Is my site currently blocking crawl bots like google? (newbie)

Hi I’m new in cloudflare. I just wanted to confirm is my site https://www.make-invoice.com/ currently blocking crawl bots especially main search engines like google?

Reason I asked. On site audit in semrush it says their bot is currently blocked. so I’m confused as per my robots.txt it allows all. https://www.make-invoice.com/robots.txt

By default, Cloudflare doesn’t block known good bots such as Semrush. Have you changed any firewall settings here?

1 Like

This is my current setting in firewall

and for firewall rules. I haven’t used that yet. for manage rules. nothing as well. I’m on free plan btw.

@sdayman

also not sure how to do with this?

If the Cloudflare firewall is blocking Semrush access, it would show up in the Firewall Events Log in the Firewall -> Overview tab. If you “Download Log” from Semrush, does it give you more detailed information?
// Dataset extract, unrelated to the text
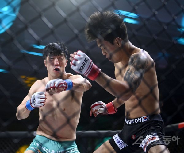 18일 서울 서대문구 스위스 그랜드 호텔 서울에서 ‘굽네 ROAD FC 062’ 가 열렸다. 라이트급 타이틀전에서 박시원과 여제우(왼쪽)가 경기를 펼치고 있다.

Hopefully an HTTP response code, like 403.

This is the download log.

IP addresses of Semrush Bot ( Site Audit ): 46.229.173.66, 46.229.173.67, 46.229.173.68

REQUEST:
curl -i -sS -L --proto-redir -all,http,https --max-time 5 -A ‘Mozilla/5.0 (compatible; SemrushBot-SA/0.97; +http://www.semrush.com/bot.html)’ http://www.make-invoice.com/

RESPONSE:
HTTP/1.1 301 Moved Permanently
Date: Mon, 07 Sep 2020 02:02:03 GMT
Transfer-Encoding: chunked
Connection: keep-alive
Cache-Control: max-age=3600
Expires: Mon, 07 Sep 2020 03:02:03 GMT
Location: https://www.make-invoice.com/
cf-request-id: 0507e59814000028bfa78fb200000001
X-Content-Type-Options: nosniff
Server: cloudflare
CF-RAY: 5cecd86cecae28bf-IAD
alt-svc: h3-27=":443"; ma=86400, h3-28=":443"; ma=86400, h3-29=":443"; ma=86400
HTTP/2 406
date: Mon, 07 Sep 2020 02:02:04 GMT
content-type: text/html; charset=iso-8859-1
set-cookie: __cfduid=d70a428c8c38bf11c77dbee5c9efe37811599444123; expires=Wed, 07-Oct-20 02:02:03 GMT; path=/; domain=.make-invoice.com; HttpOnly; SameSite=Lax; Secure
cf-cache-status: DYNAMIC
cf-request-id: 0507e5984c0000c1755f8f0200000001
expect-ct: max-age=604800, report-uri=“https://report-uri.cloudflare.com/cdn-cgi/beacon/expect-ct
strict-transport-security: max-age=15552000; includeSubDomains; preload
x-content-type-options: nosniff
server: cloudflare
cf-ray: 5cecd86d497ec175-IAD
alt-svc: h3-27=":443"; ma=86400, h3-28=":443"; ma=86400, h3-29=":443"; ma=86400

Not Acceptable!

Not Acceptable!

An appropriate representation of the requested resource could not be found on this server. This error was generated by Mod_Security.

@sdayman

  1. For whatever reason, it’s trying to crawl the HTTP version of your site, so that output showed a 301 (Permanent) redirect to HTTPS. Hopefully Semrush will figure that out.
  2. The error message shows it’s coming from Mod_Security, like in this post:
1 Like

Thank you for this! I will connect with SEMRush.

@roshan.kumar1 Let me know when you already resolved your issue I think we have same problem. Thank you.